● Exercise details
For this exercise, output the entries below exactly from the line that holds "Signs dominated the" to the line that holds "这张图展示了Go依赖包管理工", both ends included. No pictures belong in the copy.

● Dataset excerpts

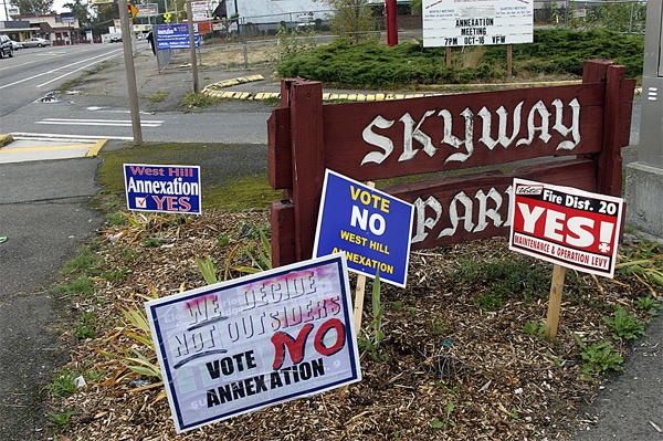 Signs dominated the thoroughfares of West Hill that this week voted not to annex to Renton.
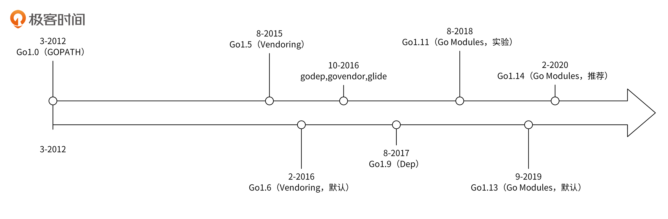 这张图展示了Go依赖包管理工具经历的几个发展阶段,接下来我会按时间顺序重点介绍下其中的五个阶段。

...

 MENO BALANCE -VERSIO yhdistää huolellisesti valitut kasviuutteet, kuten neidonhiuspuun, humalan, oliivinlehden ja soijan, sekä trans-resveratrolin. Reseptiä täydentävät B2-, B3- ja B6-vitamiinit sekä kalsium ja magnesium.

● Response to this exercise
 Signs dominated the thoroughfares of West Hill that this week voted not to annex to Renton.
 这张图展示了Go依赖包管理工具经历的几个发展阶段,接下来我会按时间顺序重点介绍下其中的五个阶段。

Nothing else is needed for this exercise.